Mark Ford: Plugging in to change

Technology has the potential to transform the Arab world. In some places it is already doing so. In others, its use has barely started. Throughout, it will bring huge changes over the next few years – in the way that people live and in the lives they can expect to lead in the future. By Mark Ford –

Gathered together in a room at the top of the world’s tallest hotel is a group of ministers, each holding a brief for information and communications technologies (ICT) in Arab states. Crown prince of Dubai and UAE defence minister Sheikh Mohammed Bin Rashid al-Maktoum puts a simple question to them: “Is it too much for Arab countries to find a way forward through technology?”

The building in which they are gathered answers the question.

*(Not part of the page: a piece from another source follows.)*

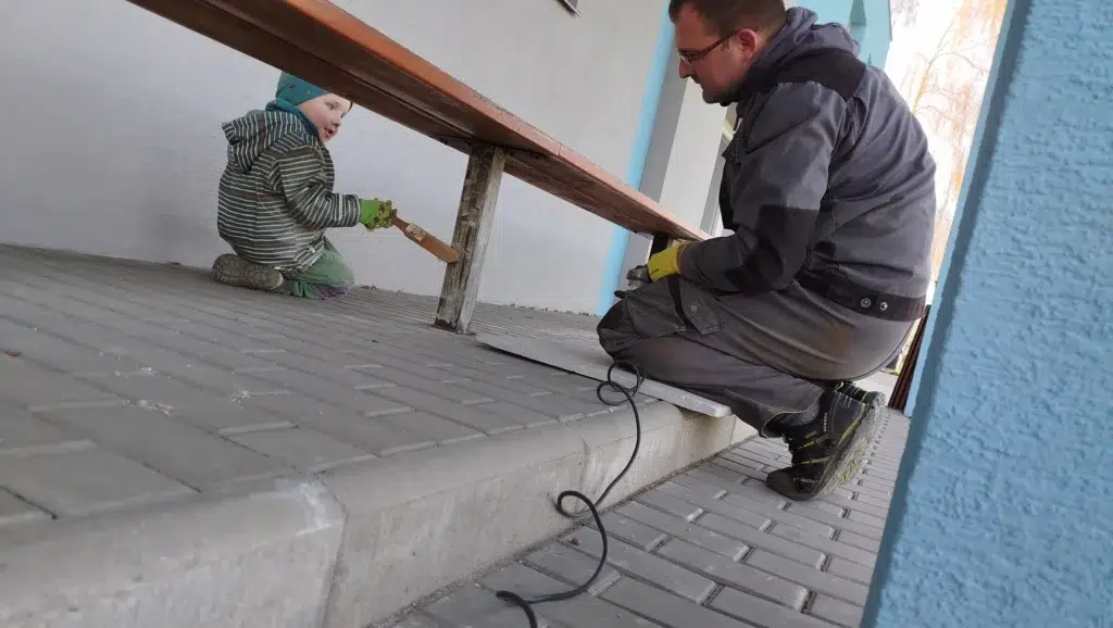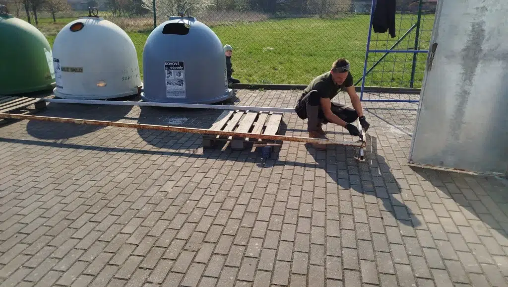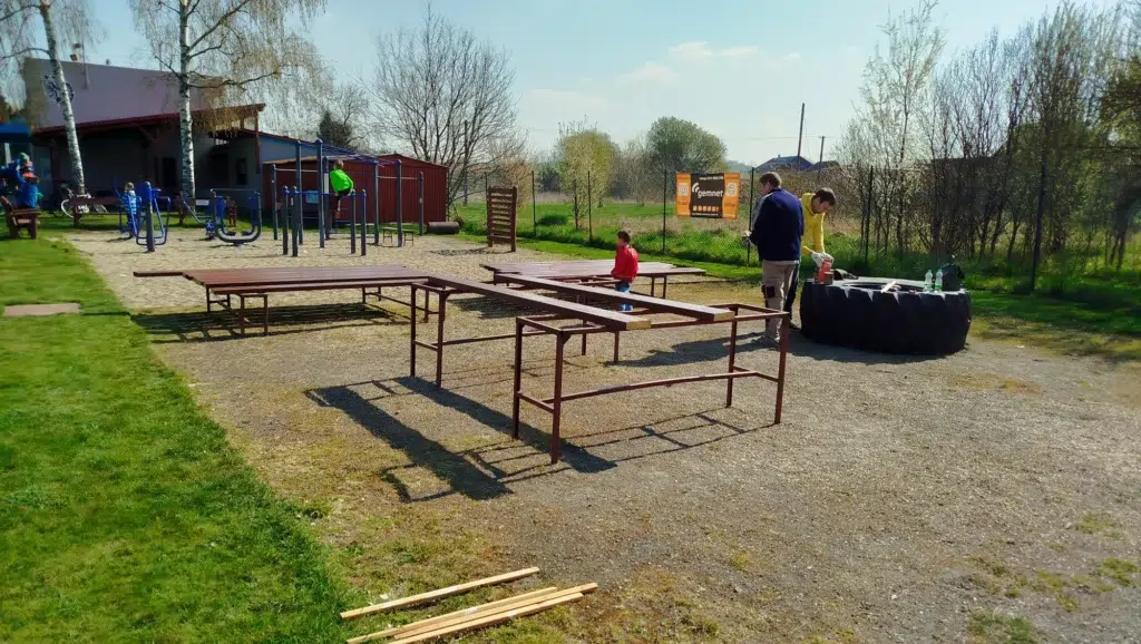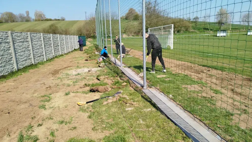 Venkovních úkolů bylo mnohem víc, stihli jsme zrenovovat napínací rámy, které poslouží na tréninkovém hřišti, obrousili a natřeli jsme nohy lavek u kabin. Úplně nová bude řada laviček na topolské straně hřiště, na kterou jsme připravili a natřeli nové fošny a také opravili patky těchto laviček. Na této straně hřiště se nám podařilo odstranit náletové dřeviny, a také s pomocí firmy SVS correct realizace s.r.o. vytáhnout starý plot společně s jeho betonovým základem.

The billowing sail-shaped Burj al-Arab testifies to how Dubai, an emirate that 30 years ago comprised little more than parched desert, has harnessed the latest architectural and civil engineering technologies to put up several spectacular structures – including the 321-metre-high hotel on a man-made island 280 metres offshore.

The architecture of this extraordinarily opulent monument makes reference to Dubai’s seafaring heritage and offers some of the most spectacular views of the Gulf.

To achieve this, the Burj al-Arab does employ technology to capture creativity, displayed in the indoor and outdoor choreographed landscapes of waterfalls and fountains that spout fire as well as water.

About 3,500 jobs were created during construction of the building. Since completion it has stimulated many thousands more direct and indirect employment opportunities. It is an asset in Dubai’s hotel stock, and strengthens the emirate’s claim to be the Gulf’s business and financial hub in the global marketplace. It stands as a record of state-of-the-art architectural and engineering technologies.

Less opulent but no less impressive examples of Arab employment of technology are found across North Africa, on the eastern shores of the Mediterranean and elsewhere in the Gulf.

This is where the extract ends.